◆ **WHAT IS EXPECTED**:
Set down each line of the data below exactly as it stands, dropping the pictures.

◆ **SOURCE DATA**:
**********

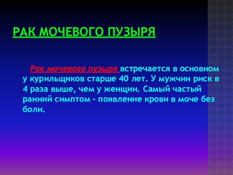 старше 40 лет. У мужчин риск в 4 раза выше, чем у женщин. Самый частый ранний симптом - появление крови в моче без боли.
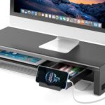 EAYHMモニター台は、USB2.0/3.0データ転送とTYPE-C充電機能付き。引き出しとスマホホルダーを備え、耐荷重25kgでパソコンやプリンター、タブレットに最適です。
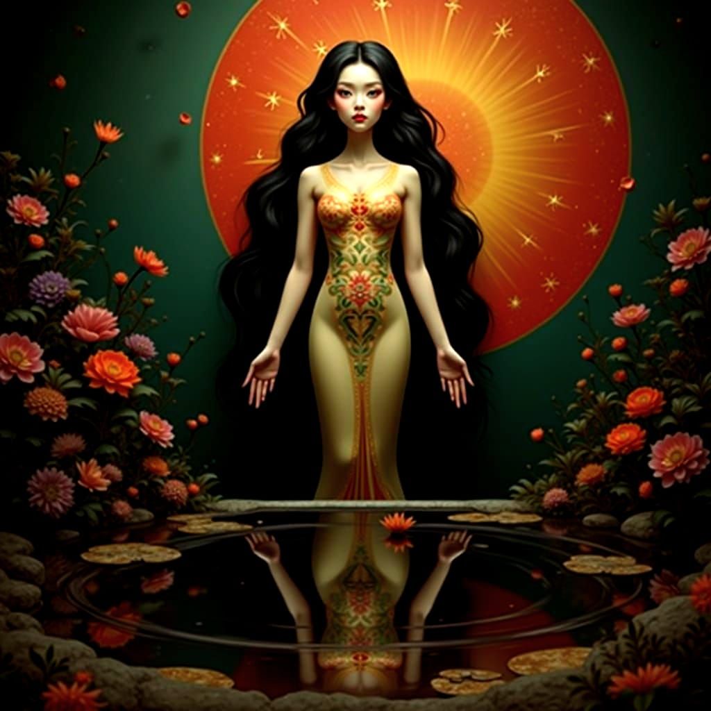 A hyperrealistic portrait of a beautiful Geisha with black hair and green eyes. She is wearing an ornate dress and touching a mirrored reflection against a cosmic background.

**********

◆ **WRITTEN SOLUTION**:
 старше 40 лет. У мужчин риск в 4 раза выше, чем у женщин. Самый частый ранний симптом - появление крови в моче без боли.
 EAYHMモニター台は、USB2.0/3.0データ転送とTYPE-C充電機能付き。引き出しとスマホホルダーを備え、耐荷重25kgでパソコンやプリンター、タブレットに最適です。
 A hyperrealistic portrait of a beautiful Geisha with black hair and green eyes. She is wearing an ornate dress and touching a mirrored reflection against a cosmic background.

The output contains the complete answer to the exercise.